The ambassador of Russia to Mali is the official representative of the president and the government of the Russian Federation to the president and the government of Mali.

The ambassador and his staff work at large in the Russian embassy in Bamako. The current Russian ambassador to Mali is Igor Gromyko, incumbent since 17 June 2019.

==History of diplomatic relations==

Formal diplomatic relations between Mali and the Soviet Union were established on 14 October 1960. Aleksandr Loshchakov was appointed as the first ambassador on 17 December 1960. With the dissolution of the Soviet Union in 1991, Mali recognised the Russian Federation as its successor state on 16 January 1992. The incumbent Soviet ambassador, Aleksandr Trofimov, continued as ambassador from Russia until 1992.

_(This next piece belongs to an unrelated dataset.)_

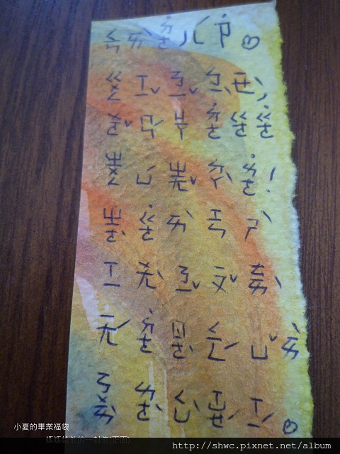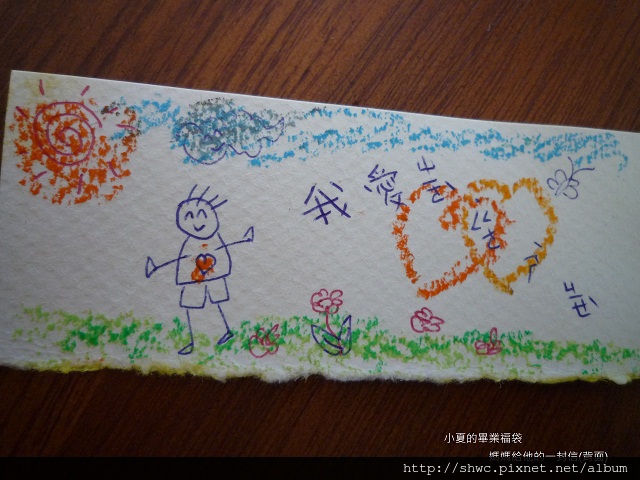 媽媽我也用注音符號寫了一封信給他。背面畫上一個小男生,寫著我愛這個世界。

Diplomatic relations between Russia and Niger were established in 1972, and Gennady Sokolov was appointed the first ambassador on 13 June 1972. The embassy in Niamey was closed in 1992 as part of cost-saving measures, and the ambassador to Mali was thereafter given dual accreditation as the non-resident ambassador to Niger. This practice came to an end with the reopening of the embassy in Niamey, and the appointment of Viktor Voropayev as the ambassador to Niger in 2025.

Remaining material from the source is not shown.